- THE RECORDS:

★ ★ ★ ★

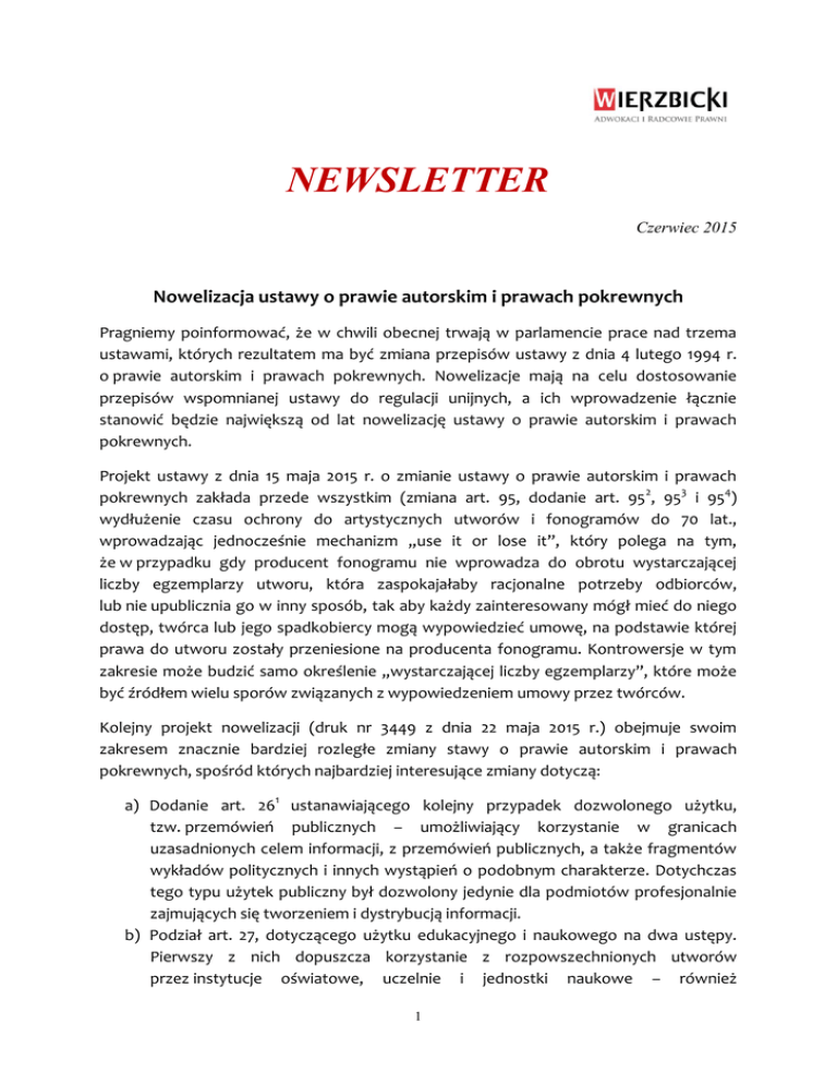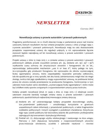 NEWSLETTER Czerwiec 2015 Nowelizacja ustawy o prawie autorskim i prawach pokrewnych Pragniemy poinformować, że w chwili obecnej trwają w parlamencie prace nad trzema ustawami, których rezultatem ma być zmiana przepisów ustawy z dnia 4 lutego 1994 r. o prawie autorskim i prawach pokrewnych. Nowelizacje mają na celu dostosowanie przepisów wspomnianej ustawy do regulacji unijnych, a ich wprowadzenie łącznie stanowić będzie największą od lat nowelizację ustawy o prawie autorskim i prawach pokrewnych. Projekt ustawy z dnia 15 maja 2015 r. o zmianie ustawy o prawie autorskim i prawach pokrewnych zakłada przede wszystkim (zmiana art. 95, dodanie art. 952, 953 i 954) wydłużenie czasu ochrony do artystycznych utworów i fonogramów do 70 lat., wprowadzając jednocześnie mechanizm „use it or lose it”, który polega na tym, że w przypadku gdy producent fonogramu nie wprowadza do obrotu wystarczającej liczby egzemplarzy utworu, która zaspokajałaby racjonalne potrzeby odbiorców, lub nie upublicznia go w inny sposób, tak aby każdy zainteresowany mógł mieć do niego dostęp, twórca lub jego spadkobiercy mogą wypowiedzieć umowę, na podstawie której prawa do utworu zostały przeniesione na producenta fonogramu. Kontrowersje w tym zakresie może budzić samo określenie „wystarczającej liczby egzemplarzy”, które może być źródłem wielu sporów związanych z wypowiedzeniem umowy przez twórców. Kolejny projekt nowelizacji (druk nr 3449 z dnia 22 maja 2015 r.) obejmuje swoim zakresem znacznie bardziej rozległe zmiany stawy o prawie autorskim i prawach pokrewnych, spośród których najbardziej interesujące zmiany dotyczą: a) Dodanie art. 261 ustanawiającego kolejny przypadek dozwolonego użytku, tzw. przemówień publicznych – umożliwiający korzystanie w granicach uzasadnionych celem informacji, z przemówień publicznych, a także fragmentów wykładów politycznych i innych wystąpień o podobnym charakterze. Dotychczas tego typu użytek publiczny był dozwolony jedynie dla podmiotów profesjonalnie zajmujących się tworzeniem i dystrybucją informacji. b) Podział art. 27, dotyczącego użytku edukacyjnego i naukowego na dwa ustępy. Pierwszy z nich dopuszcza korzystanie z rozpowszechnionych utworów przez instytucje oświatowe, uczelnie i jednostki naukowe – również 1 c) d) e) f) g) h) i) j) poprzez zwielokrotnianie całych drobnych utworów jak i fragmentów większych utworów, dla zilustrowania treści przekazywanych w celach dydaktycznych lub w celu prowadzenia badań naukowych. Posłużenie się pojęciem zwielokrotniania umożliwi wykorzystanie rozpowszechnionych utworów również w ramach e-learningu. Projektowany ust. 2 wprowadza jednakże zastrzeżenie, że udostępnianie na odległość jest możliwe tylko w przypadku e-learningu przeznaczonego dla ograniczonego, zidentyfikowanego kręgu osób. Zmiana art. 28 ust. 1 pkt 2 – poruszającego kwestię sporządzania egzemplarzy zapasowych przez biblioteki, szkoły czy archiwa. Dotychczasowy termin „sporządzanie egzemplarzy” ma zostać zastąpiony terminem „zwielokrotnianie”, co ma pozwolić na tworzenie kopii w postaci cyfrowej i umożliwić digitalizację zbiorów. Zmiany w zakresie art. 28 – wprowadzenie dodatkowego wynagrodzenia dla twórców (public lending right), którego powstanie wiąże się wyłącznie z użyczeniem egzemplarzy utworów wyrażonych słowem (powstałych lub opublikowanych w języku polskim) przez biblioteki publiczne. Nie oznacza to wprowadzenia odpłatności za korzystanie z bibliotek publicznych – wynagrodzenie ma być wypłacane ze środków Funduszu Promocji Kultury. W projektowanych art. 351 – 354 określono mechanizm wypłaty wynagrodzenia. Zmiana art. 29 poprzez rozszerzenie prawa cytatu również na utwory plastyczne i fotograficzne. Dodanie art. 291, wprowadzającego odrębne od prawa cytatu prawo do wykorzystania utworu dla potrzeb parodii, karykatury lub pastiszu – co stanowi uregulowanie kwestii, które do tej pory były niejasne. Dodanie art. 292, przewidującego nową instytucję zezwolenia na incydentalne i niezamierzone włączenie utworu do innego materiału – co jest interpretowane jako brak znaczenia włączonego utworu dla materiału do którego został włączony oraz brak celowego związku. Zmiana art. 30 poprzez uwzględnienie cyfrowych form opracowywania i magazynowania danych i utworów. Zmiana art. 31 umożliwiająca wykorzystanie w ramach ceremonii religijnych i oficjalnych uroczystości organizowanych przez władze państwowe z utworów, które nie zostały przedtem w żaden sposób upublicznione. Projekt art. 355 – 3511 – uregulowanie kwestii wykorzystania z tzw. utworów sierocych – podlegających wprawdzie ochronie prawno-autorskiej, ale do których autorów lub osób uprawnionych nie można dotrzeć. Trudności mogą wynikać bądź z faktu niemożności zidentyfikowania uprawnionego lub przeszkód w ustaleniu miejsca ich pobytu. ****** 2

★ ★ ★ ★

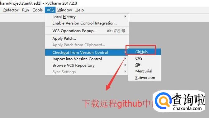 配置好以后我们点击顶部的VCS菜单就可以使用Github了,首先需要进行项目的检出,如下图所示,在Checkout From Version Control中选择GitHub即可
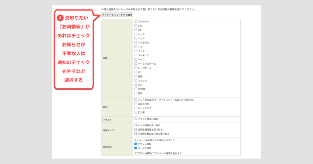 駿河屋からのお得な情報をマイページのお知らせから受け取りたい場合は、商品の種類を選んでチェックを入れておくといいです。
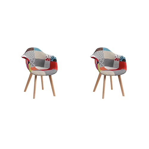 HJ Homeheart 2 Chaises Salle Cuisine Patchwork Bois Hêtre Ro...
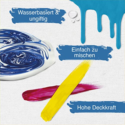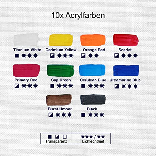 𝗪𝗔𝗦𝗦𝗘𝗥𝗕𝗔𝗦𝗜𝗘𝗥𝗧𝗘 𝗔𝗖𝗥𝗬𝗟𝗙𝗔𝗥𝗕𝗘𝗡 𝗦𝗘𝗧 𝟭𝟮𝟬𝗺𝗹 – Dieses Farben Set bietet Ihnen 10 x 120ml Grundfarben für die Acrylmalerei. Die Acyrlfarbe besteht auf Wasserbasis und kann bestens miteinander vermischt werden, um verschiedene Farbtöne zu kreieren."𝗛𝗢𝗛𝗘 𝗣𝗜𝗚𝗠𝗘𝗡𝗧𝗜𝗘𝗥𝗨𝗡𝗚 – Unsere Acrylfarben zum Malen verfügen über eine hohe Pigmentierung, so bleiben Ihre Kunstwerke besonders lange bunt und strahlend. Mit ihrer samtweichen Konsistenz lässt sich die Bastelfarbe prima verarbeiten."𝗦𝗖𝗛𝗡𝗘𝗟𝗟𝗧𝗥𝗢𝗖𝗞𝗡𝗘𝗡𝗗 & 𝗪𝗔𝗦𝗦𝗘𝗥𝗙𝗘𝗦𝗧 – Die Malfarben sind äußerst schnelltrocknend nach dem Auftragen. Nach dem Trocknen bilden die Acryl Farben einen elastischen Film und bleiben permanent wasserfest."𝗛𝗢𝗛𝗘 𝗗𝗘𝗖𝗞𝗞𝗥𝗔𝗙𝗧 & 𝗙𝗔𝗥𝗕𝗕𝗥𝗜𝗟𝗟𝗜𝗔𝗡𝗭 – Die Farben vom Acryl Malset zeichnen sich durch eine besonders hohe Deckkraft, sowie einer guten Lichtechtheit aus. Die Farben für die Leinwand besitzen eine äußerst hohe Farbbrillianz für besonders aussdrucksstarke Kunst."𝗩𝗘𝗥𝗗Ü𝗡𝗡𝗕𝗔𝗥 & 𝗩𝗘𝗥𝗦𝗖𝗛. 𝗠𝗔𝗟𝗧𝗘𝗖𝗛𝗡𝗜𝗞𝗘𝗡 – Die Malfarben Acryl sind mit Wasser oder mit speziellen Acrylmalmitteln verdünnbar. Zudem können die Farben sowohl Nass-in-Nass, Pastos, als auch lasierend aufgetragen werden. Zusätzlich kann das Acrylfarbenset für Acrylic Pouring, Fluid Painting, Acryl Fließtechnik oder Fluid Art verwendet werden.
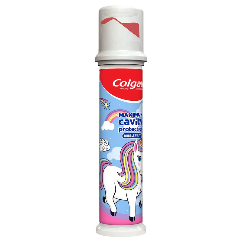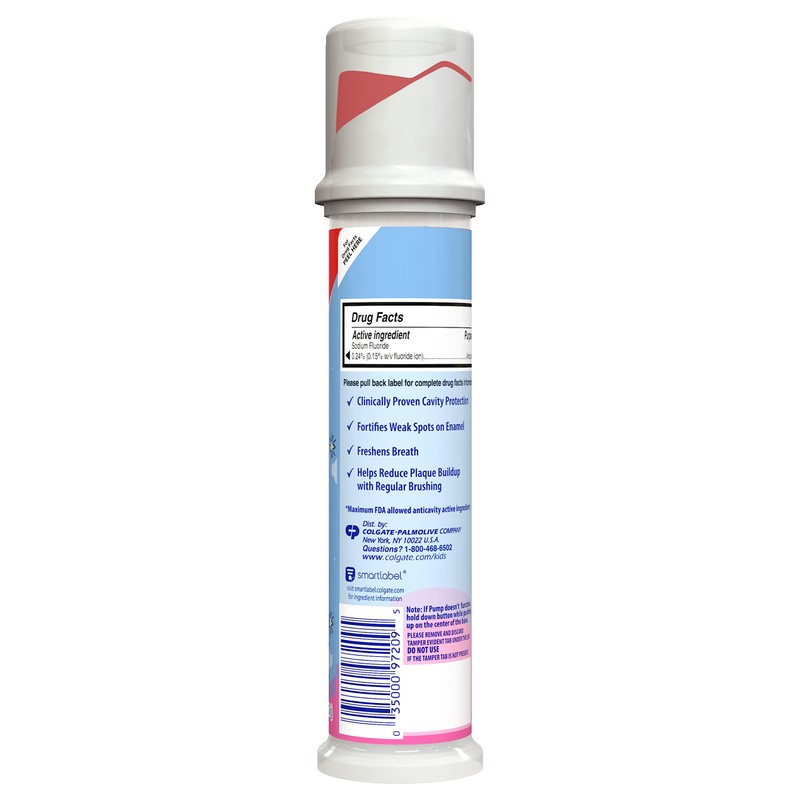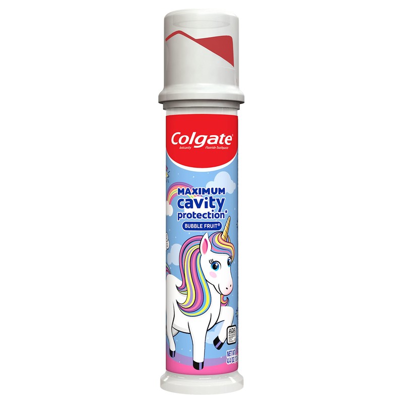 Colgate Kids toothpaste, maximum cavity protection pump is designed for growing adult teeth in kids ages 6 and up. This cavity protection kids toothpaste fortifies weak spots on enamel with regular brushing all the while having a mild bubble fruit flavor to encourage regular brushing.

★ ★ ★ ★

Using the entries above, repeat exactly the lines from the one with "HJ Homeheart 2" to the one with "Colgate Kids toothpaste, maximum", both included, and leave the pictures behind.

- OUTPUT:
 HJ Homeheart 2 Chaises Salle Cuisine Patchwork Bois Hêtre Ro...
 𝗪𝗔𝗦𝗦𝗘𝗥𝗕𝗔𝗦𝗜𝗘𝗥𝗧𝗘 𝗔𝗖𝗥𝗬𝗟𝗙𝗔𝗥𝗕𝗘𝗡 𝗦𝗘𝗧 𝟭𝟮𝟬𝗺𝗹 – Dieses Farben Set bietet Ihnen 10 x 120ml Grundfarben für die Acrylmalerei. Die Acyrlfarbe besteht auf Wasserbasis und kann bestens miteinander vermischt werden, um verschiedene Farbtöne zu kreieren."𝗛𝗢𝗛𝗘 𝗣𝗜𝗚𝗠𝗘𝗡𝗧𝗜𝗘𝗥𝗨𝗡𝗚 – Unsere Acrylfarben zum Malen verfügen über eine hohe Pigmentierung, so bleiben Ihre Kunstwerke besonders lange bunt und strahlend. Mit ihrer samtweichen Konsistenz lässt sich die Bastelfarbe prima verarbeiten."𝗦𝗖𝗛𝗡𝗘𝗟𝗟𝗧𝗥𝗢𝗖𝗞𝗡𝗘𝗡𝗗 & 𝗪𝗔𝗦𝗦𝗘𝗥𝗙𝗘𝗦𝗧 – Die Malfarben sind äußerst schnelltrocknend nach dem Auftragen. Nach dem Trocknen bilden die Acryl Farben einen elastischen Film und bleiben permanent wasserfest."𝗛𝗢𝗛𝗘 𝗗𝗘𝗖𝗞𝗞𝗥𝗔𝗙𝗧 & 𝗙𝗔𝗥𝗕𝗕𝗥𝗜𝗟𝗟𝗜𝗔𝗡𝗭 – Die Farben vom Acryl Malset zeichnen sich durch eine besonders hohe Deckkraft, sowie einer guten Lichtechtheit aus. Die Farben für die Leinwand besitzen eine äußerst hohe Farbbrillianz für besonders aussdrucksstarke Kunst."𝗩𝗘𝗥𝗗Ü𝗡𝗡𝗕𝗔𝗥 & 𝗩𝗘𝗥𝗦𝗖𝗛. 𝗠𝗔𝗟𝗧𝗘𝗖𝗛𝗡𝗜𝗞𝗘𝗡 – Die Malfarben Acryl sind mit Wasser oder mit speziellen Acrylmalmitteln verdünnbar. Zudem können die Farben sowohl Nass-in-Nass, Pastos, als auch lasierend aufgetragen werden. Zusätzlich kann das Acrylfarbenset für Acrylic Pouring, Fluid Painting, Acryl Fließtechnik oder Fluid Art verwendet werden.
 Colgate Kids toothpaste, maximum cavity protection pump is designed for growing adult teeth in kids ages 6 and up. This cavity protection kids toothpaste fortifies weak spots on enamel with regular brushing all the while having a mild bubble fruit flavor to encourage regular brushing.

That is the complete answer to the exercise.